Your objective:
Retype the lines below exactly, but only those from the line that has "Diese schwarze Outdoor-Wandleuchte" through the line that has "中國(guó)臺(tái)灣". Omit every picture.
------ Data provided ------
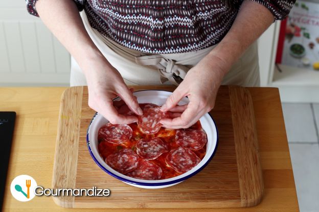 6. Add 1 tbsp pizza sauce, a handful of shredded cured ham
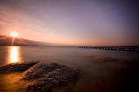 Het Garda meer gefotografeerd met een 10 stops filter. Door de lange sluitertijd wordt het water een mooi glad geheel. De zon piept in de vroegte mooi over de toppen van de bergen
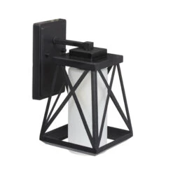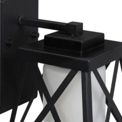 Diese schwarze Outdoor-Wandleuchte passt an jede Hauswand und sorgt für eine dekorative Beleuchtung Deines Außenbereichs. Ob als Haustürlampe am Eingang oder für ein stimmungsvolles Licht auf der Terrasse – die Retro Wandlaterne ist überall ein Hingucker. Die Außenwandlampe besteht aus robustem Metall und Glas und kann bei Bedarf auch im Innenbereich genutzt werden. Die Montage an der Fassade gelingt dank des beiliegenden Materials im Handumdrehen.
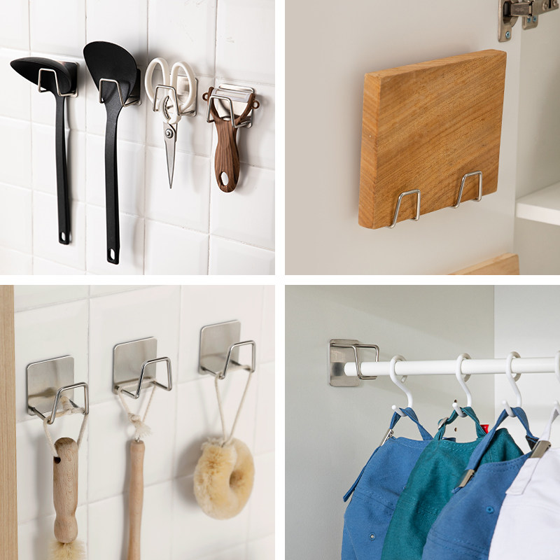 霜山不锈钢海绵置物架免打孔厨房钢丝球洗碗抹布沥水架收纳粘钩
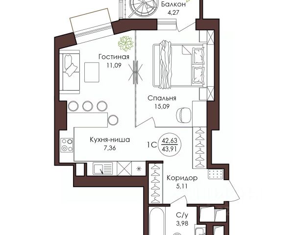 ЖК "Нордик": 1-комнатная квартира Площадь — 35,43 м². Срок сдачи 5 дома — IV квартал 2025 г. Отделка — предчистовая. Адрес — г. Хабаровск, ул. Известковая, 32/1. Просторная однокомнатная квартира с продуманной планировкой отлично подойдёт студентам или молодым семьям. В квартире: — прихожая 4,37 м² с нишей под гардероб; — большой совмещённый санузел 4,61 м²; — кухня площадью 10,11 м² с выходом на лоджию; — углубленная лоджия 5,22 м² с витражным остеклением; — гостиная-спальня площадью 13,73 м² с увеличенным окном и заниженным подоконником. ЖК "Нордик" — это 5 домов в едином архитектурном стиле в Северной части города. Здесь создана своя экосистема, включающая: — закрытый двор без машин с зонами отдыха для детей и взрослых; — сквозные подъезды с дизайнерским ремонтом и прозрачными дверьми; — кафе, магазины и фитнес на первых этажах зданий. Условия покупки: — ДВ ипотека от 0,6% — Семейная ипотека от 4,6% — Trade In (обмен старой квартиры на новую) — Скидка за каждого ребенка — Скидка 2% для участников СВО
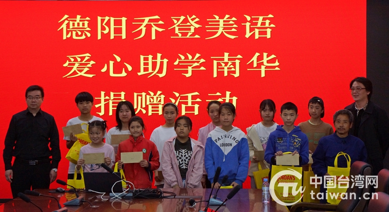 中國(guó)臺(tái)灣網(wǎng)4月27日訊 4月24日,四川德陽(yáng)市臺(tái)資企業(yè)協(xié)會(huì)副會(huì)長(zhǎng)、喬登美語(yǔ)事業(yè)機(jī)構(gòu)張嚴(yán)文先生前往德陽(yáng)市旌陽(yáng)區(qū)和新鎮(zhèn)長(zhǎng)壽村、中江縣南華鎮(zhèn)和永太鎮(zhèn),向結(jié)對(duì)的43名中小學(xué)生捐贈(zèng)助學(xué)金、文具用品共計(jì)2萬(wàn)余元。張嚴(yán)文勉勵(lì)孩子們,“要記住去年疫情對(duì)國(guó)家和人民帶來(lái)的磨難,將其轉(zhuǎn)化為更加刻苦學(xué)習(xí)的動(dòng)力,用知識(shí)的力量走出困境、感恩家庭、回饋社會(huì)、報(bào)效國(guó)家。”
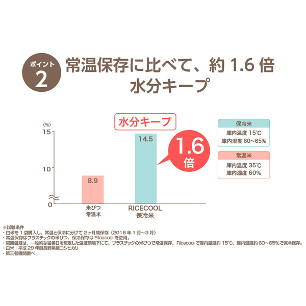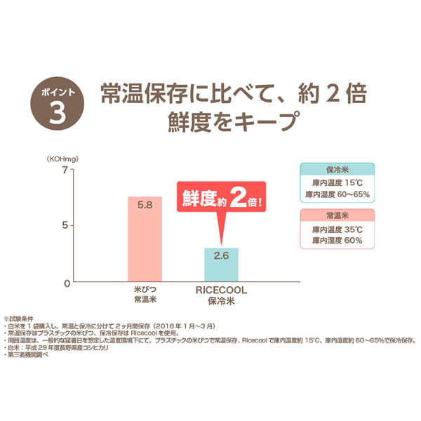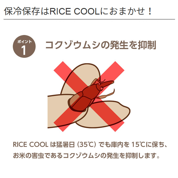 猛暑日(ライスクールの周囲温度35℃)でも、庫内をお米の保管に最適な温度と湿度に保ち、酸化や害虫・カビの発生、長期保存による古米臭からお米をしっかり守ります。
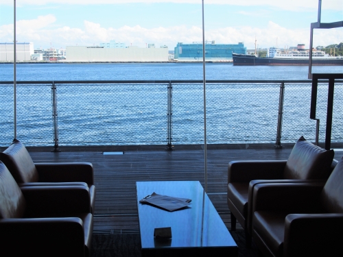 「大さん橋(国際客船ターミナル)」の2階にあるバーガーカフェ。船の発着ターミナル内にあるため、店内の全面窓から横浜の海を一望できるのが魅力です。明るい光が差し込む店内には、カウンター席やソファ席、ボックス席があります。
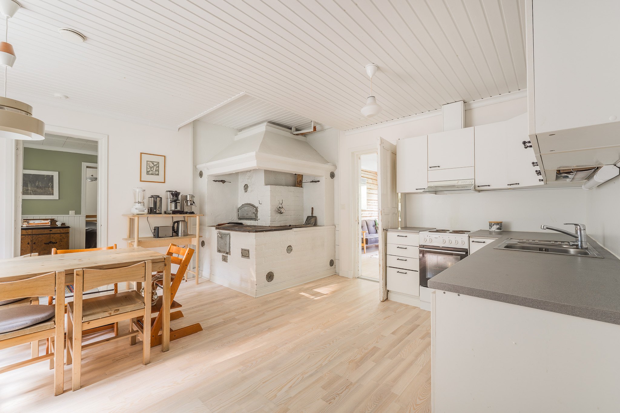- Keittiössä puuliesi, leivinuuni, astianpesukone, sähköliesi (2017), liesituuletin, jääkaappi/pakastin (2017). Keittiön remontissa ovet on uusittu, mutta osa rungoista on vanhoja. Keittiön kaappien ovet on maalattu ja vetimet vaihdettu 2021
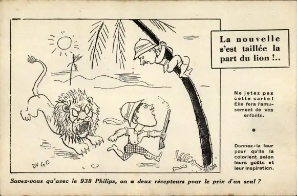 Künstler Ak Radio 938 Philips, Reklame, Löwe, Jäger
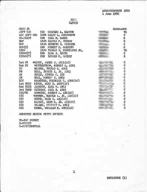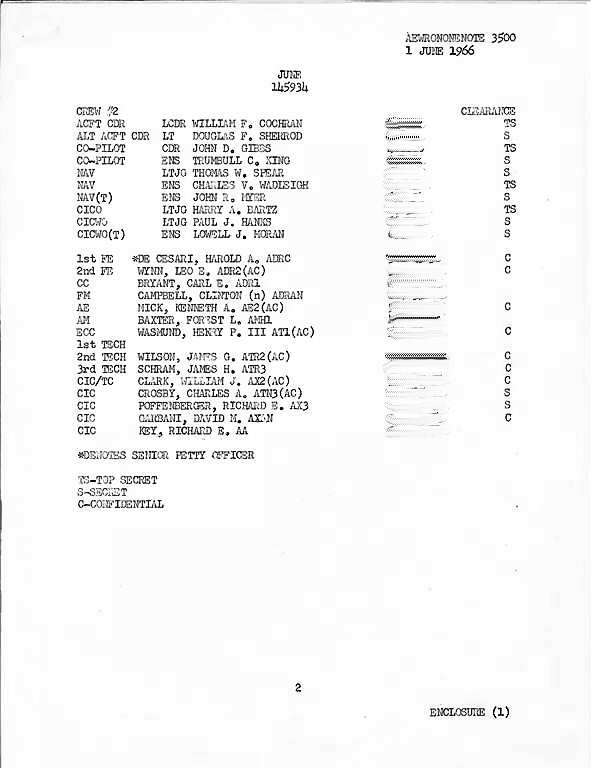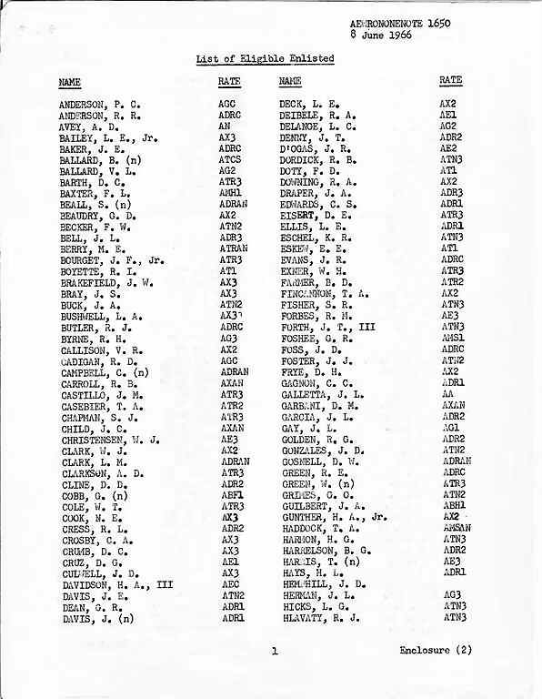 - The purpose of this aewronone note was to establish a list of officers and men and their crew assignments
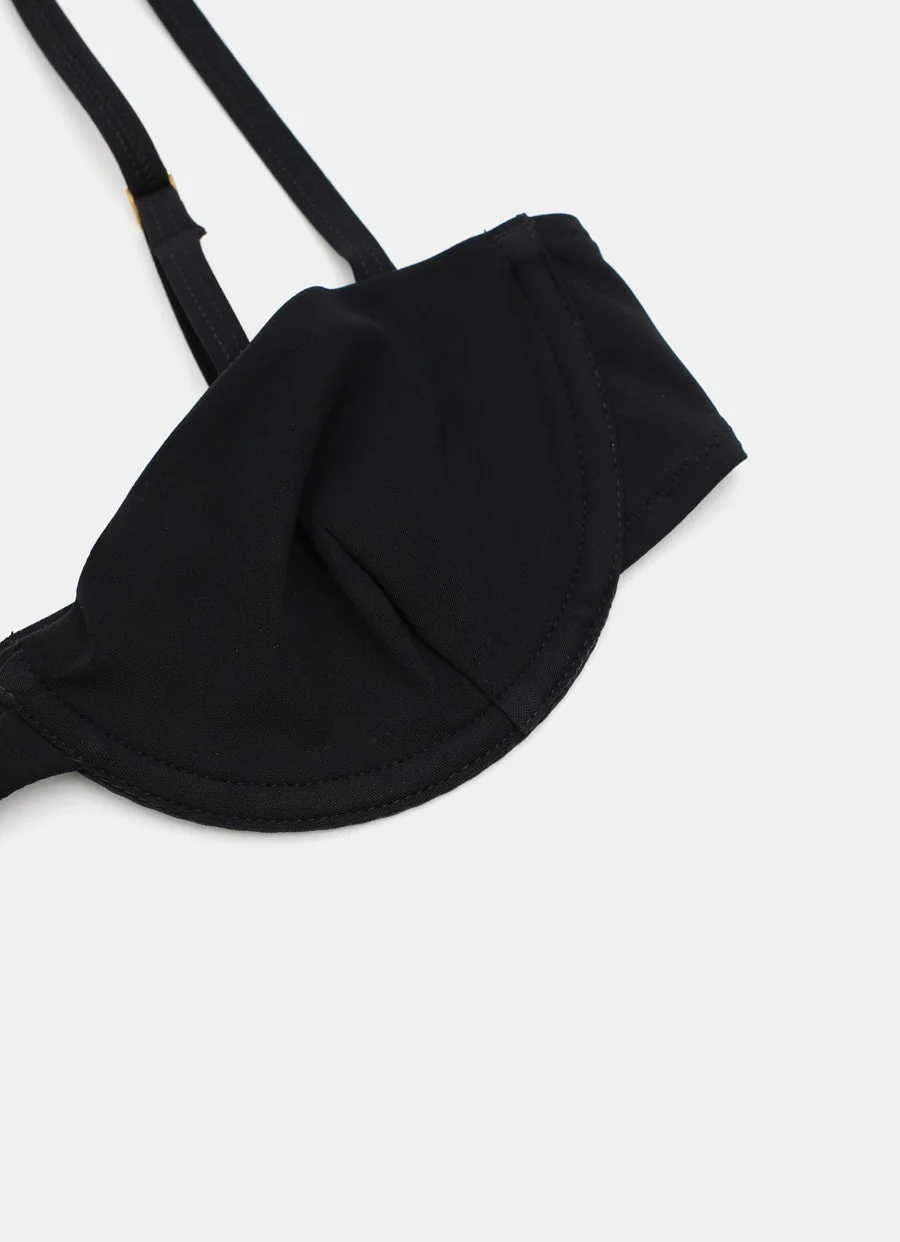 Top de bikini de Toteme en tejido elástico de poliamida reciclada. Diseño de copas semicirculares con refuerzo, tirantes ajustables finos y cierre posterior con clip dorado. Talla normal, elige tu talla habitual. Tallaje estándar. -Debido a su naturaleza íntima, no se aceptan devoluciones.
------
Solution to the exercise:
 Diese schwarze Outdoor-Wandleuchte passt an jede Hauswand und sorgt für eine dekorative Beleuchtung Deines Außenbereichs. Ob als Haustürlampe am Eingang oder für ein stimmungsvolles Licht auf der Terrasse – die Retro Wandlaterne ist überall ein Hingucker. Die Außenwandlampe besteht aus robustem Metall und Glas und kann bei Bedarf auch im Innenbereich genutzt werden. Die Montage an der Fassade gelingt dank des beiliegenden Materials im Handumdrehen.
 霜山不锈钢海绵置物架免打孔厨房钢丝球洗碗抹布沥水架收纳粘钩
 ЖК "Нордик": 1-комнатная квартира Площадь — 35,43 м². Срок сдачи 5 дома — IV квартал 2025 г. Отделка — предчистовая. Адрес — г. Хабаровск, ул. Известковая, 32/1. Просторная однокомнатная квартира с продуманной планировкой отлично подойдёт студентам или молодым семьям. В квартире: — прихожая 4,37 м² с нишей под гардероб; — большой совмещённый санузел 4,61 м²; — кухня площадью 10,11 м² с выходом на лоджию; — углубленная лоджия 5,22 м² с витражным остеклением; — гостиная-спальня площадью 13,73 м² с увеличенным окном и заниженным подоконником. ЖК "Нордик" — это 5 домов в едином архитектурном стиле в Северной части города. Здесь создана своя экосистема, включающая: — закрытый двор без машин с зонами отдыха для детей и взрослых; — сквозные подъезды с дизайнерским ремонтом и прозрачными дверьми; — кафе, магазины и фитнес на первых этажах зданий. Условия покупки: — ДВ ипотека от 0,6% — Семейная ипотека от 4,6% — Trade In (обмен старой квартиры на новую) — Скидка за каждого ребенка — Скидка 2% для участников СВО
 中國(guó)臺(tái)灣網(wǎng)4月27日訊 4月24日,四川德陽(yáng)市臺(tái)資企業(yè)協(xié)會(huì)副會(huì)長(zhǎng)、喬登美語(yǔ)事業(yè)機(jī)構(gòu)張嚴(yán)文先生前往德陽(yáng)市旌陽(yáng)區(qū)和新鎮(zhèn)長(zhǎng)壽村、中江縣南華鎮(zhèn)和永太鎮(zhèn),向結(jié)對(duì)的43名中小學(xué)生捐贈(zèng)助學(xué)金、文具用品共計(jì)2萬(wàn)余元。張嚴(yán)文勉勵(lì)孩子們,“要記住去年疫情對(duì)國(guó)家和人民帶來(lái)的磨難,將其轉(zhuǎn)化為更加刻苦學(xué)習(xí)的動(dòng)力,用知識(shí)的力量走出困境、感恩家庭、回饋社會(huì)、報(bào)效國(guó)家。”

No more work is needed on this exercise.